How to tell children
For you, the time of divorce is a time of agonizing agonizing; at the same time you must be strong and support children is not an easy task. But children need to be told what is happening and, depending on age, why.
Your children will immediately have questions that need to be answered clearly, and as many times as they ask you, and children can ask dozens of times, during and after the divorce. The questions most often are: “Why are you doing this?”, “Where will I live?”, “Will I have to go to another school?”, “Where will my dad live?”, “When will I see him?” Experts say that children need to be assured that their needs will be met.
“Older children can tell more about the reasons for divorce, omitting, of course, details of intimate relationships, but be careful, do not speak ill of the other parent, warns Dr. Ahronz. Even if you are very angry with him, do not tell your children that you hate their father, she advises. After all, they are part of it. If you hate him, you say that you hate that which is part of him. ”
Do not expect your children to remain serenely happy when such an important social shift occurs in their lives. Even barely walking and the babies react negatively; they are disturbed in sleep, problems with food begin, regress in the administration of natural needs. Children of preschool age may begin to fight or bite, characterized by outbursts of anger. Children of primary school age often become lethargic or hyperactive, begin to hate school or urinate into bed. Older children and teenagers often become depressed, feel lonely, useless, insignificant to anyone, they are hurt, they are anxious, they may experience shame. This is almost enough to keep you from a divorce. And many parents do that.
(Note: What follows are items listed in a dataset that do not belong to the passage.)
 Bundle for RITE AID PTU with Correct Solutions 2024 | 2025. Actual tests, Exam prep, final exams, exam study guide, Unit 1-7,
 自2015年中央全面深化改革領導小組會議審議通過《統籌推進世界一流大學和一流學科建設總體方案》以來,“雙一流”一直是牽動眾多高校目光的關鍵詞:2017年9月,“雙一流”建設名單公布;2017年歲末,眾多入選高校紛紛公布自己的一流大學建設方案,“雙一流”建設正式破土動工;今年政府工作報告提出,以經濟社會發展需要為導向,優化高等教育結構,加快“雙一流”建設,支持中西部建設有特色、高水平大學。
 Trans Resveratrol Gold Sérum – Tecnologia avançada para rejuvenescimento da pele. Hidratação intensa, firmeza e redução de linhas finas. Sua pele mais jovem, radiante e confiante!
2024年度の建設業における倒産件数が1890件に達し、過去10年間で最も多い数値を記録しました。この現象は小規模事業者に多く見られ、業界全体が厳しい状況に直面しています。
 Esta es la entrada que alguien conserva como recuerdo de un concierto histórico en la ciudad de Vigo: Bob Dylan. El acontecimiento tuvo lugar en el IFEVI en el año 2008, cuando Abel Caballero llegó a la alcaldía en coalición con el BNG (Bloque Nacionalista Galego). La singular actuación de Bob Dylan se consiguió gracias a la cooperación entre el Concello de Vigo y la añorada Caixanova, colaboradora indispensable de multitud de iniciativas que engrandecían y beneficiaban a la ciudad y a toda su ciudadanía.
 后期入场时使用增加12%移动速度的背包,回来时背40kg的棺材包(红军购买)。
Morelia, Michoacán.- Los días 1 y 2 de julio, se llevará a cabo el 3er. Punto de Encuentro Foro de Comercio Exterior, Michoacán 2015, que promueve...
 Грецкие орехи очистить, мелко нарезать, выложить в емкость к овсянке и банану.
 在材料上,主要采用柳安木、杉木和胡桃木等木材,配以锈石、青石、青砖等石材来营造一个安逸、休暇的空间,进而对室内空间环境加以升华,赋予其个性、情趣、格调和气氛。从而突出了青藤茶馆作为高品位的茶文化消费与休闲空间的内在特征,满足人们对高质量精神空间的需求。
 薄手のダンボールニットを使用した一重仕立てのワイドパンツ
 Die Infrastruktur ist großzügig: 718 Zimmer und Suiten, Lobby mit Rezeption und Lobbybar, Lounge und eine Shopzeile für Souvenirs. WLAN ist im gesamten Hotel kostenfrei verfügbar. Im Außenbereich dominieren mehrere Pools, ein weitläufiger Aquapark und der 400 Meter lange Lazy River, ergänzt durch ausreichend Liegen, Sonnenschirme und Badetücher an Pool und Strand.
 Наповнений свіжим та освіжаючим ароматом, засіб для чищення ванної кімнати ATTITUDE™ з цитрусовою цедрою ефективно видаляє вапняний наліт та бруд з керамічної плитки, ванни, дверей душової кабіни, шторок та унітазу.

After a divorce, when you need to rebuild your life, you must become the main support for your child. Much depends on your behavior during the divorce process. This means that both of you should behave with dignity, but this is not always feasible in the heat of passion. Very often the divorce procedure really turns into a battle.
Dr. Ahronz singled out four types of parental behavior after a divorce: “worst enemies”, “angry companions at each other”, “collaborating colleagues”, “good friends”. “It’s best for children if their parents maintain friendly relations, taking care of the children together,” she said. Otherwise, children are drawn into conflicts between their parents, and this is a disaster. ”
One 15-year-old girl told Dr. Ahronz that she denied religion to herself. Why? Her father is a Jew, and her mother is a Catholic. If she had to choose a religion, it would mean that she favors one parent, but she cannot do this, the girl explained.